Bibliographic record
Abstract
This study aimed to synthesize evidence from studies that addressed the influence of bias domains in randomized controlled trials on rehabilitation intervention effect estimates and discuss how these findings can maximize the trustworthiness of an RCT in rehabilitation. We screened studies about the influence of bias on rehabilitation intervention effect estimates published until June 2023. The characteristics and results of the included studies were categorized based on methodological characteristics and summarized narratively. We included seven studies with data on 227,806 RCT participants. Our findings showed that rehabilitation intervention effect estimates are likely exaggerated in trials with inadequate/unclear sequence generation and allocation concealment when using continuous outcomes. The influence of blinding was inconsistent and different from the rest of medical science, as meta-epidemiological studies showed overestimation, underestimation, or neutral associations for different types of blinding on rehabilitation treatment effect estimates.

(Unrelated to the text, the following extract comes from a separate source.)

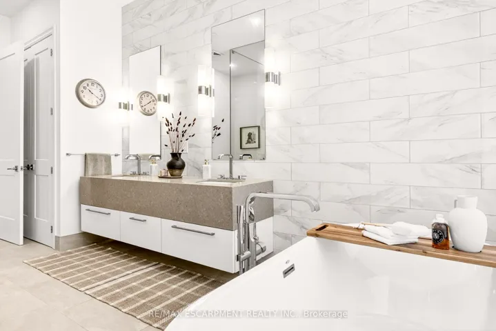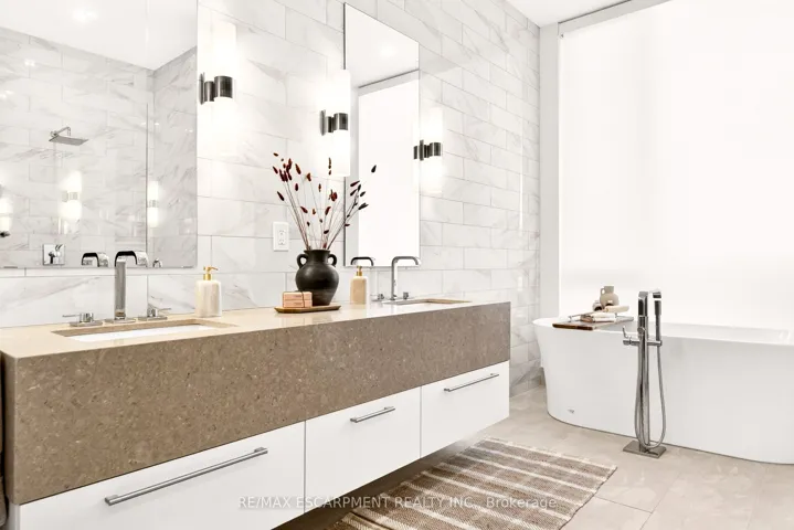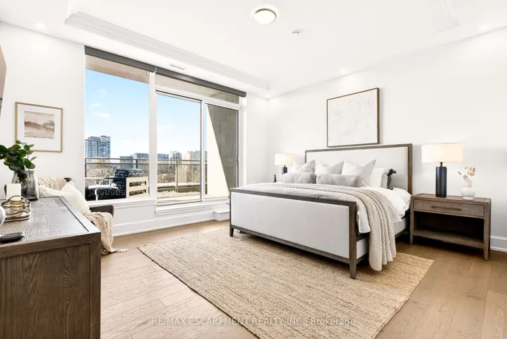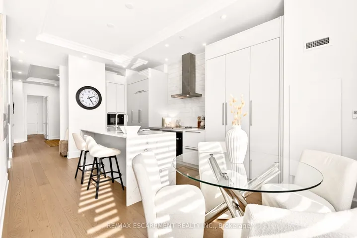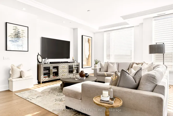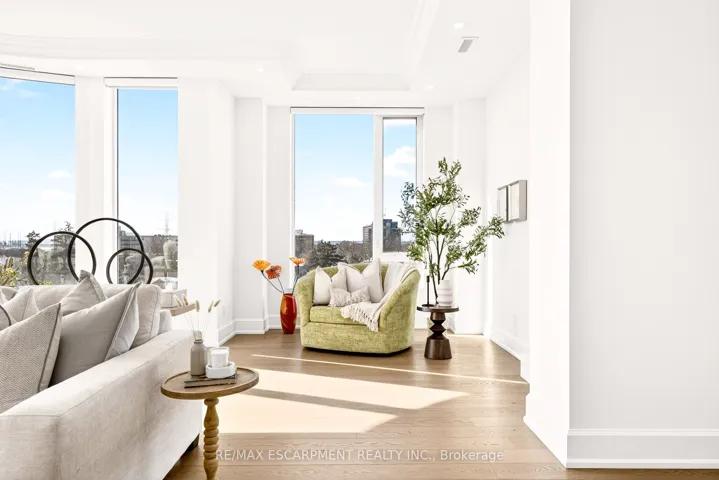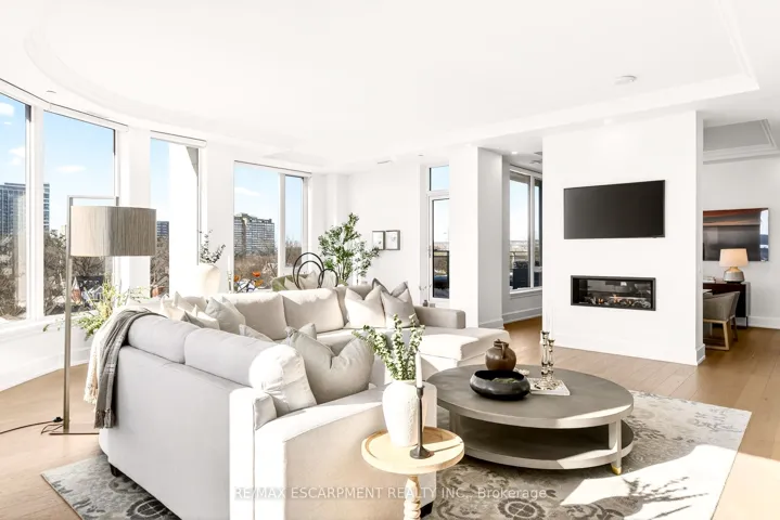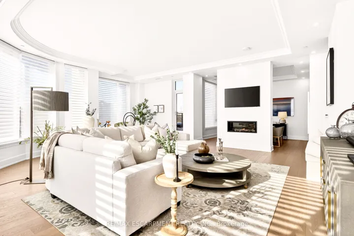Perched above the city at the prestigious Saxony, this extraordinary 2,578 sq. ft. penthouse redefines what condominium living can feel like.Here, life unfolds with space, light, and effortless elegance. Ten-foot ceilings and expansive principal rooms create an immediate sense of calm and grandeur, while walls of windows draw in the ever-changing sky. As evening falls, step onto the 300 sq. ft. southwest-facing terrace and watch the sun melt into the horizon, city lights beginning to sparkle below, a glass of wine in hand. The nearly 28-foot great room was designed for both intimate evenings and unforgettable gatherings. A double-sided fireplace flickers between living and dining spaces, adding warmth and ambiance whether you’re hosting a dinner party or enjoying a quiet night in. The open-concept kitchen, anchored by premium integrated appliances and generous prep space, becomes the heart of the home, where conversation flows as easily as the layout itself. The versatile 2+1bedroom design adapts beautifully to your lifestyle. The den is spacious enough to function as a true third bedroom, private office, or creative retreat. The primary suite is a serene sanctuary, complete with a walk-in closet and spa-inspired ensuite designed for slow mornings and restorative evenings. A thoughtfully appointed second bedroom ensures guests or family feel equally at home. Custom closets and automated blinds throughout reflect a level of finish that is both refined and practical. Beyond the suite, three oversized parking spaces, including an EV charger, and a large private locker provide rare convenience and flexibility. Residents enjoy concierge services, a fitness studio, and a roof top lounge that extends your living space even further. Steps to the lake, the Burlington Performing Arts Centre, boutique shopping, and celebrated dining, this penthouse offers the privacy and scale of a home paired with the vibrancy of downtown living – a place where every day feels elevated.

Still, it showed a more consistent pattern when looking at patient-reported outcomes. The impact of attrition bias and intention to treat has been analyzed only in two studies with inconsistent results. The risk of reporting bias seems to be associated with overestimation of treatment effects. Bias domains can influence rehabilitation treatment effects in different directions. The evidence is mixed and inconclusive due to the poor methodological quality of RCTs and the limited number and quality of studies looking at the influence of bias and treatment effects in rehabilitation. Further studies about the influence of bias in RCTs on rehabilitation intervention effect estimates are needed.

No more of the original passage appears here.